Below expectations. 1Q19 revenue of RM89m (above guidance by 2%) translated into a disappointing core net profit of RM24m, accounting for 15% and 18% of our and consensus full year forecasts, respectively.
Dividend. None (1Q18: None).
QoQ. Top line was lower by 20% weighed down by seasonal weakness, unfavourable forex (1Q19: RM4.09/USD vs. 4Q18: RM4.17/USD) and the dismal showing of MVS which declined 55%. After one-off adjustments, core net profit weakened by 18% as lower volume hampered operating leverage.
YoY. Partly boosted by the greenback appreciation (1Q19: RM4.09/USD vs. 4Q18: RM3.92/USD), turnover saw a gain of 15% as ABI’s 37% growth outweighed the MVS’ 33% decline.
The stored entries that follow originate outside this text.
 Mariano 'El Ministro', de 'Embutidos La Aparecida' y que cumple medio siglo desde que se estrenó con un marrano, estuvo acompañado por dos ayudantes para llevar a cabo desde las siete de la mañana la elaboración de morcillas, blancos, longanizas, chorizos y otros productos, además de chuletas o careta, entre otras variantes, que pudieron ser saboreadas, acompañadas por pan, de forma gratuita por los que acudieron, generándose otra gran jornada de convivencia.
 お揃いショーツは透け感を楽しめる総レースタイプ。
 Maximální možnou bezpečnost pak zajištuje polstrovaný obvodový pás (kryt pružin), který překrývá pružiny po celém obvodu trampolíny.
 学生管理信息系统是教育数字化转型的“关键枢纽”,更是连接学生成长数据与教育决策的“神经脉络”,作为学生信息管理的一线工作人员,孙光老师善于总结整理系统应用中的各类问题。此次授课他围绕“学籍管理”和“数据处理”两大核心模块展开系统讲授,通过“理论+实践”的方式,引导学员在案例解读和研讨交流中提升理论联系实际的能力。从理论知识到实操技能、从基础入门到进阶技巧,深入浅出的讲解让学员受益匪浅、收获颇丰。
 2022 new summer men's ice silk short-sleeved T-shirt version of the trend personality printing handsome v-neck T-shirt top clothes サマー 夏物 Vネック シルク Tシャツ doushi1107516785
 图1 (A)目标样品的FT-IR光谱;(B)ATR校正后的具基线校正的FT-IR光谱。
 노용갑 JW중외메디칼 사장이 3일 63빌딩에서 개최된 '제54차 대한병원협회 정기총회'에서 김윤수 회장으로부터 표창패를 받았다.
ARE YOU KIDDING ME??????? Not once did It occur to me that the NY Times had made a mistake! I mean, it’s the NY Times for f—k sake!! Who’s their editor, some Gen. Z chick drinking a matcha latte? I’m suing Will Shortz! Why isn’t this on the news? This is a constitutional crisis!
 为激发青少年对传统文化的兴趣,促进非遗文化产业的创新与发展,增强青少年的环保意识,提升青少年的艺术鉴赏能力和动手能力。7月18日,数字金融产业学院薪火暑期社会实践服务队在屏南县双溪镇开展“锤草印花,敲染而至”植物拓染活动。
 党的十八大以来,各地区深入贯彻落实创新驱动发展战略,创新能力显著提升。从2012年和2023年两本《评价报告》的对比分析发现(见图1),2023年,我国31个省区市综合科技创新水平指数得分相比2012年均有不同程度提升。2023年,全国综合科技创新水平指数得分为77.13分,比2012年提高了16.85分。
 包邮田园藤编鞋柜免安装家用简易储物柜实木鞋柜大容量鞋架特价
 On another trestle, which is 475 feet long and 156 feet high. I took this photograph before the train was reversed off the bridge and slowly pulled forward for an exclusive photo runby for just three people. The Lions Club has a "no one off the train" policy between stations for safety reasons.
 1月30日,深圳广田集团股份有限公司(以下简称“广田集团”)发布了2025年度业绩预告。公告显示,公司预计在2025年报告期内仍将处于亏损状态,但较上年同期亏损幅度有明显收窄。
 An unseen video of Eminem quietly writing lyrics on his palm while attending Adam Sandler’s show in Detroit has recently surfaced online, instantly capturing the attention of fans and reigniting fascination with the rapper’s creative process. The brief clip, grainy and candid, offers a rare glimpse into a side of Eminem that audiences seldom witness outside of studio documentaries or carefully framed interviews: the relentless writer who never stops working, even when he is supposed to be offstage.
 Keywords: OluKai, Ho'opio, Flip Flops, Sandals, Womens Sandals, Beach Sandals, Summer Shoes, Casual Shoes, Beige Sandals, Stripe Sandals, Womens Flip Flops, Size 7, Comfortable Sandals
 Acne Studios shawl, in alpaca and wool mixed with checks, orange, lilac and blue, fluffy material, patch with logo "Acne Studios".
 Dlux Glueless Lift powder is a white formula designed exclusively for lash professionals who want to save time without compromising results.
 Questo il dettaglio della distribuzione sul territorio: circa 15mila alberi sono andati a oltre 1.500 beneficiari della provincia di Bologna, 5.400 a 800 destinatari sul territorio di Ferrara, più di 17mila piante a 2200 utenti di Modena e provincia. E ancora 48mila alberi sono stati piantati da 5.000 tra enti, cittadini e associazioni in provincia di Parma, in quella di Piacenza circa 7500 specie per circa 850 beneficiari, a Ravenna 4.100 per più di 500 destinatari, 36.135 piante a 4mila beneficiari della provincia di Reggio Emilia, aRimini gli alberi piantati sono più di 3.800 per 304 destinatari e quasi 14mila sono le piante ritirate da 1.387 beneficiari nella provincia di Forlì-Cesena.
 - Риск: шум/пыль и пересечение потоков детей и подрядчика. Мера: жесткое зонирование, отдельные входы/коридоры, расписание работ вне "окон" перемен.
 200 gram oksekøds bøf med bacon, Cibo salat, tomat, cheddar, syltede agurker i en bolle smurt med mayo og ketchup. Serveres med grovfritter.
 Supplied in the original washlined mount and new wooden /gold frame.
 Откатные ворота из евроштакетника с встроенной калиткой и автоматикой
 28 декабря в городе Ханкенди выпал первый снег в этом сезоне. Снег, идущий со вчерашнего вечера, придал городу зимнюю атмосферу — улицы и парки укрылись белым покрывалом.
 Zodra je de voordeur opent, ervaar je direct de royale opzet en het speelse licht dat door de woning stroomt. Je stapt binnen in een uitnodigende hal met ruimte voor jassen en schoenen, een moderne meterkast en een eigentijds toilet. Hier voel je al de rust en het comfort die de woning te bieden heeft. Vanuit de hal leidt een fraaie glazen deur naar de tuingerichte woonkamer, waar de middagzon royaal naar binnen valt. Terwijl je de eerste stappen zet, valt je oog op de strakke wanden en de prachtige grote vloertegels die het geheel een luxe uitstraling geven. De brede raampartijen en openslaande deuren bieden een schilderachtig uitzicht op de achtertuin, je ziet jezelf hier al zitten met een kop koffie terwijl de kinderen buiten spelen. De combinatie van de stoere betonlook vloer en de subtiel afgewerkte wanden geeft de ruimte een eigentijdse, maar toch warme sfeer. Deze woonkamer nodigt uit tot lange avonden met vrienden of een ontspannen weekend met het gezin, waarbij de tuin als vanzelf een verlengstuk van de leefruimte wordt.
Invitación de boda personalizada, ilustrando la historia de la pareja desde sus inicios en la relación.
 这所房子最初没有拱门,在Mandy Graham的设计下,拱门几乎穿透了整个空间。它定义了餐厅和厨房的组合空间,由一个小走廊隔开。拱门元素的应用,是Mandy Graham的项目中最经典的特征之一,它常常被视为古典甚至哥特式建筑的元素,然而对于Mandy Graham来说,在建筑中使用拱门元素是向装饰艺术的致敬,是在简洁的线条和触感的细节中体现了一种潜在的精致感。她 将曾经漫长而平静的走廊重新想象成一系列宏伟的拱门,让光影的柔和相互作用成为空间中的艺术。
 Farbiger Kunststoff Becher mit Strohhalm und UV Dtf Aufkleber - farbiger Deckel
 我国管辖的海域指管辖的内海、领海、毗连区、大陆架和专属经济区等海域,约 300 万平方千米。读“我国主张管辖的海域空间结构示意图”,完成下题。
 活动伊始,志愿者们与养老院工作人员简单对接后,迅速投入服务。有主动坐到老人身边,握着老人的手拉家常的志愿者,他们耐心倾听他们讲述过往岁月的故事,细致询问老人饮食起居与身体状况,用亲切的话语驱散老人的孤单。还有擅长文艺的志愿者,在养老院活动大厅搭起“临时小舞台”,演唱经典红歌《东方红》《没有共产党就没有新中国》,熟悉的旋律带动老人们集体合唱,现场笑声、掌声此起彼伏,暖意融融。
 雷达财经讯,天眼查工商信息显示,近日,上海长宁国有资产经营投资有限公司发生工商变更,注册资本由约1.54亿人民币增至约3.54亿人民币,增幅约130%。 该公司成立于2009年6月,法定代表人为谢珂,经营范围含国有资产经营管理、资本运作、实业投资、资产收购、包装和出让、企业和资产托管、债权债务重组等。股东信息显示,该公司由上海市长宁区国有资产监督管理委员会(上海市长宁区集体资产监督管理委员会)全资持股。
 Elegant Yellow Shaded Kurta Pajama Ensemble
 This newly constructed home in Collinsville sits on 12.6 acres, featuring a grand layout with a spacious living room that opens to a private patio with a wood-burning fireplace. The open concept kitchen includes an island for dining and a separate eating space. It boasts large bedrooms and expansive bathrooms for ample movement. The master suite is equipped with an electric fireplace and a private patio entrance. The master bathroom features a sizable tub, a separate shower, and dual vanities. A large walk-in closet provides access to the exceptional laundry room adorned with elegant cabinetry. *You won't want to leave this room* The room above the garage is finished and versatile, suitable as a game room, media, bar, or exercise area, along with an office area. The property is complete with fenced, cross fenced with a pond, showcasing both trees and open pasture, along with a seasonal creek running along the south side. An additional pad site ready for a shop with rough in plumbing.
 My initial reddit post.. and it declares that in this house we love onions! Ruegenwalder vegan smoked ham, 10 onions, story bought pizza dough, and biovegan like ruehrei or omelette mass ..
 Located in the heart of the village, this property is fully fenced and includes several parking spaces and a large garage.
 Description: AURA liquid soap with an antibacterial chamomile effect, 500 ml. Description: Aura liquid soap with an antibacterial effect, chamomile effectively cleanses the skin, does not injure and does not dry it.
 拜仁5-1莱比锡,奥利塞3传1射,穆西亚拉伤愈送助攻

The increase in ABI was mainly due to higher demand from wider customer base. In turn, core earnings expanded by 14% on the back of better economies-of-scale despite a higher D&A.
Sector outlook. SEMI posted USD1.8bn in billings worldwide in Mar 2019 (3-month average basis), down 2% MoM and 25% YoY. According to SEMI’s latest report, global semiconductor equipment market is staged for a reset in 2019 with 4% contraction before expanding strongly in 2020 by 21% to reach all-time high of USD72bn.
Book-to-bill. ViTrox’s Jan-Mar book-to-bill ratio has been uninspiring with 0.8x, 0.7x and 0.8x, respectively. Based on our record since Nov 2015, this is the first time these data points fall below parity and they may imply weaknesses ahead.
Forecast. In view of the underperformed 1Q19 results, we cut our FY19-20 EPS by 20% and 15%, respectively. FY21 projections are also introduced. Maintain HOLD with a lower fair value of RM6.68 (previously RM6.72), reflecting our earnings downgrade as well as rolled over valuation. Our TP is derived based on unchanged PE multiple of 20x of FY20 EPS. ViTrox is poised to win more market share in the advent of global semiconductor growth leveraging on its technology leadership in machine inspection, especially in 3D-AOI and AXI. However, MVS-S sales are highly dependent on single customer and majority of sales are non recurring.